Get Adobe Flash player

Un feliz empeño


Por: Ifigenia Herrera

Lo único imposible es aquello que no intentas Bob Marley

Dentro de las manifestaciones artísticas, la música en nuestro país tiene un profundo arraigo. La música nos convoca y en torno a ella, generalmente, nos reunimos. Somos una nación pródiga en cantantes, músicos y compositores.

No soy especialista en la temática, pero sabemos que por el mudo se pasean exitosamente nuestros sones, boleros, guarachas, congas y mambos, entre otros, y que la influencia de algunos de ellos ha sido valiosa en el universo sonoro de diversos países dando lugar a importantes fusiones. Y ello nos enorgullece pues somos dueños de un reconocido patrimonio musical que no solo debe ser preservado sino además merece ser reconocido y divulgado dentro de nuestro propio pueblo y, especialmente, en las nuevas generaciones de cubanos.

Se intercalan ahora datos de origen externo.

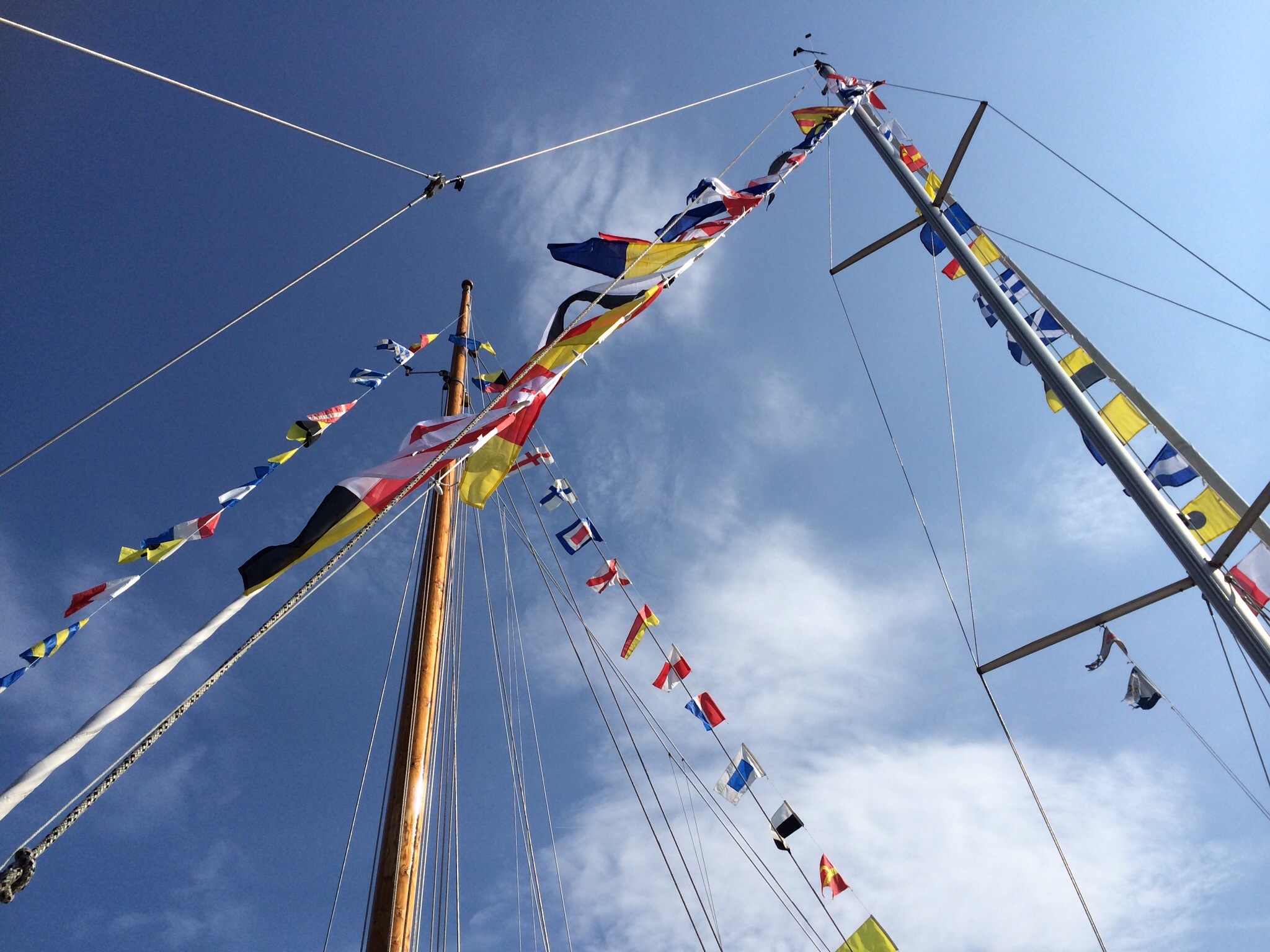 Jo, för det var dags för bröllop. Goda vänner gifte sig och lyckades pricka en fantastisk dag att göra det på. Det var sol, det var varmt och till och med badbart i vattnet. För badade gjorde både maken och jag innan vi piffade till oss inför vigseln. Ja, vi piffade båten också så klart, med flaggspel. Det smattrade i den lilla vind som fanns men var fint mot den blåa himlen.

Todo empeño cultural que enaltezca y difunda cualquier obra de arte, y en este caso, las obras musicales cubanas debe ser apoyado y tenido en cuenta y, si además de este objetivo vincula a los jóvenes como protagonistas resulta muy oportuno.

Así sucede con Sonando en Cuba, espacio televisivo que acapara la atención de todos por su factura, ingenio, dinamismo y el interés que despierta en los diversos sectores. Si la primera temporada fue plausible, la segunda lo es más por ser más abarcadora. A mi juicio, ha sido una victoria en el rescate del buen gusto, lo autóctono y la muestra de nuestro legado musical en las voces de jóvenes talentos provenientes de todo el país.

Ahora queda en manos de los que toman decisiones, los directores y productores, entre otros, la creación de una estrategia de trabajo que vincule a esta joven cantera en aras de buscar, entre otros aspectos, mejoras en las ofertas culturales. Los actores de Sonando en Cuba, jóvenes con deseos de triunfar, han demostrado que si se trabaja con ellos es posible, a corto plazo, ser testigo del renacimiento de tríos y cuartetos, tal vez con la calidad de aquellos que marcaron hitos en nuestra historia musical.

Debemos celebrar el esfuerzo y la dedicación del colectivo de Sonando en Cuba en el rescate y puesta en práctica de lo nuestro. Empeño acertado que marca pautas en el hacer cultural y deviene desafío para los continuadores.